On the other hand, because the adaptive intra/inter mode selection method with overhead information has been applied in the old methods, when using the PinP test sequence shown in Fig. 13, a significant decrease in PSNR does not occur.

In addition, in the traditional coding scheme, such as H.264, because intra-frame coding mode can be selected at any time throughout the entire coding period, the overhead for every macro-block is approximately 0.01 bits/pixel more than in the proposed method. However, the disadvantage of the proposed method is that adaptive mode selection is not sufficiently flexible. In the future, the authors intend to improve upon this point.

4 Conclusion

In this paper, we have proposed a new inter-frame coding scheme in which the OT (e.g., a DCT) used in conventional hybrid coding schemes is replaced by a non-causal IP method. Application of this IP method can potentially reduce the amount of signal power a priori. Since IP methods utilize spatial correlations between pixels, we believe them to be more effective than OT (which merely perform a domain transform) for residual data that have been compressed after MC inter-frame prediction. However, combining our method with OT is also of great research interest, as shown above in Section 2 of this paper.

Accordingly, we have also introduced conditional pel replenishment to our scheme. Moreover, no additional overhead information is added by employing our method. Our model thus has the three characteristic features shown in Section 2.6. Simulation results of the proposed method in Section 3 showed that over four test sequences, the proposed scheme achieved a very considerable coding efficiency.

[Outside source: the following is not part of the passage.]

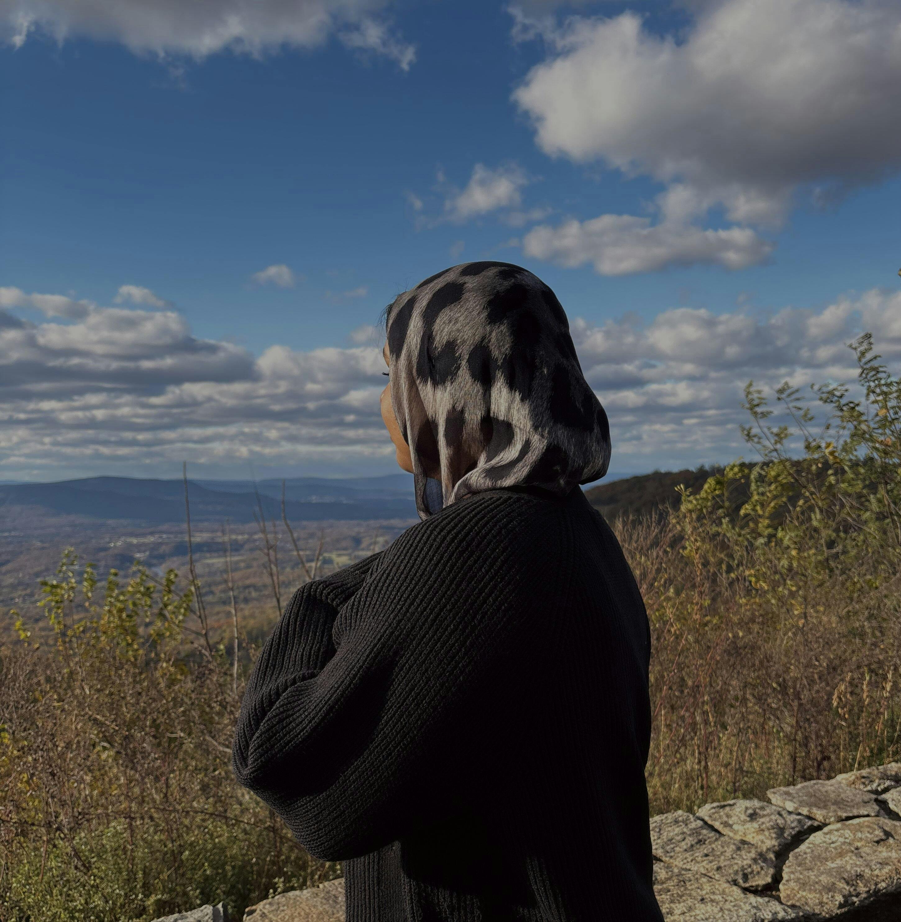 Woman wearing a black and white leopard patterned hijab against a plain background

As a topic for future research, the conditional pel replenishment method utilized in our scheme could be improved, and this should be addressed first. Other areas that could also be explored are whether the proposed scheme can maintain high coding efficiency if the test sequence becomes large.

In conclusion, we have introduced a different approach to P-frame hybrid coding that utilizes spatial correlation for the MC residual signal. Since our hybrid video coding method has achieved high coding efficiency without employing OT, we have shown the feasibility of non-orthogonal transforms for effective coding.